Dennis Moore came around to the bloggers corner at Sapphire and talked to us at length about Duet, Enterprise 2.0, Enterprise Search and co-innovation. (more on these later)  He kindly let me record the session, and I’ll be posting that as a podcast series shortly.  Dennis Brown  came along and did a detailed Harmony demo, which I missed. Bummer. (see what Dennis Howlett has to say here - what is with this Dennis thing? I’ve met more Dennises this week than in the rest of my life put together)

Robin comments on the co-innovation model and how it is changing software  development.

Yesterday at SAPPHIRE, Dennis Moore from SAP Labs came by to talk to the bloggers about “co-imagineering” — the dynamic interchange that lives and breathes on the SAP Community networks, SDN and BPX.  Where development used to be an aggregation of specs, cascading into the product like a “waterfall”, the networks are permitting a kind of give-and-take product development that, if nothing else, reduces the cost of services.  The vision: communities which develop products, software which is available as a service, solutions that are more fully utilized, greater customer satisfaction and higher levels of engagement, and then, dancers, we start all over again

 

Harmony looks really cool. It is live in SAP Palo Alto, and once it rolls out in Walldorf I’ll be dead keen to get using it.

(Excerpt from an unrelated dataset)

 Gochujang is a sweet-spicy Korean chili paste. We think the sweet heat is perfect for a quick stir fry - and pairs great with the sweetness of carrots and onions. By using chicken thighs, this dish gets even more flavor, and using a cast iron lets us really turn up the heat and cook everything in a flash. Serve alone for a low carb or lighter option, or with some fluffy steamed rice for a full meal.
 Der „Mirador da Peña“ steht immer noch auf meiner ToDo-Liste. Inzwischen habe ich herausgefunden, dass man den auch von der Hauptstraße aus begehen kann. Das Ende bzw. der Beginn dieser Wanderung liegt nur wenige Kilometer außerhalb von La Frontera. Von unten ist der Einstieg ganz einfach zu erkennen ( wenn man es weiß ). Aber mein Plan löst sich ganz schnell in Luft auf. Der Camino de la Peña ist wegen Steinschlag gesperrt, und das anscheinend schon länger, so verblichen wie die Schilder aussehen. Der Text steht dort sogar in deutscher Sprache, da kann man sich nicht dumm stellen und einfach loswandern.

Dan from Colgate-Palmolive, currently on a co-innovation fellowship at SAP in Palo Alto, wrote.

Finding others to help in these new ad hoc teams is easy with Harmony. Harmony is a mySpace/LinkedIn kind of application for the enterprise. It is already running at SAP and I’ve already had some hands on time with it. The interface is very good, has a consistent UI and well done graphics – the whole package looks highly, well unSAPish. The current version only has the mySpace component but I hope they plans to add the other components, wikis, blogs, social bookmarking, etc. This is SAP’s first foray into the social computing side of web 2.0 so no surprise the offer is limited. On the live SAP site you already have started to see interesting groups form like Basketball leagues and Live Music Lovers, not a huge value to the enterprise’s bottom line but happy workers are more productive workers.

I hope to see Dan blogging more on his SAP experiences. I’ve enjoying getting to know him at Sapphire.

Photo from the flickr stream sapphire07. (thanks Dan Farber, who also comments on Harmony)

 

Jeff Nolan, who alas, didn’t make Sapphire had this to say. I’m not close enough to the product to comment, but I’d suggest that this is the year when SAP starts to take the learnings of SDN as a platform, Harmony etc and ships some wicked social computing stuff.

I don’t really want to comment on the details of Harmony etc here. I’ll come back to that once I’ve had more contact with the solution.

You may be wondering why I labelled this post the future of HR systems.

Dennis Moore said something that really jelled with me.

I’ll paraphrase:

HR systems today are all about capturing what the company wants to store about me. (grade, performance, salary and so on) HR systems in the future will capture what I want to tell the company about myself.

My questions to the HR folks reading this. What are you doing about social computing and networks? They are changing organizations as I write this. Will this pass the HR function by, or will you embrace it as a means to meaningfully connect with employees and their aspirations?  The time is now.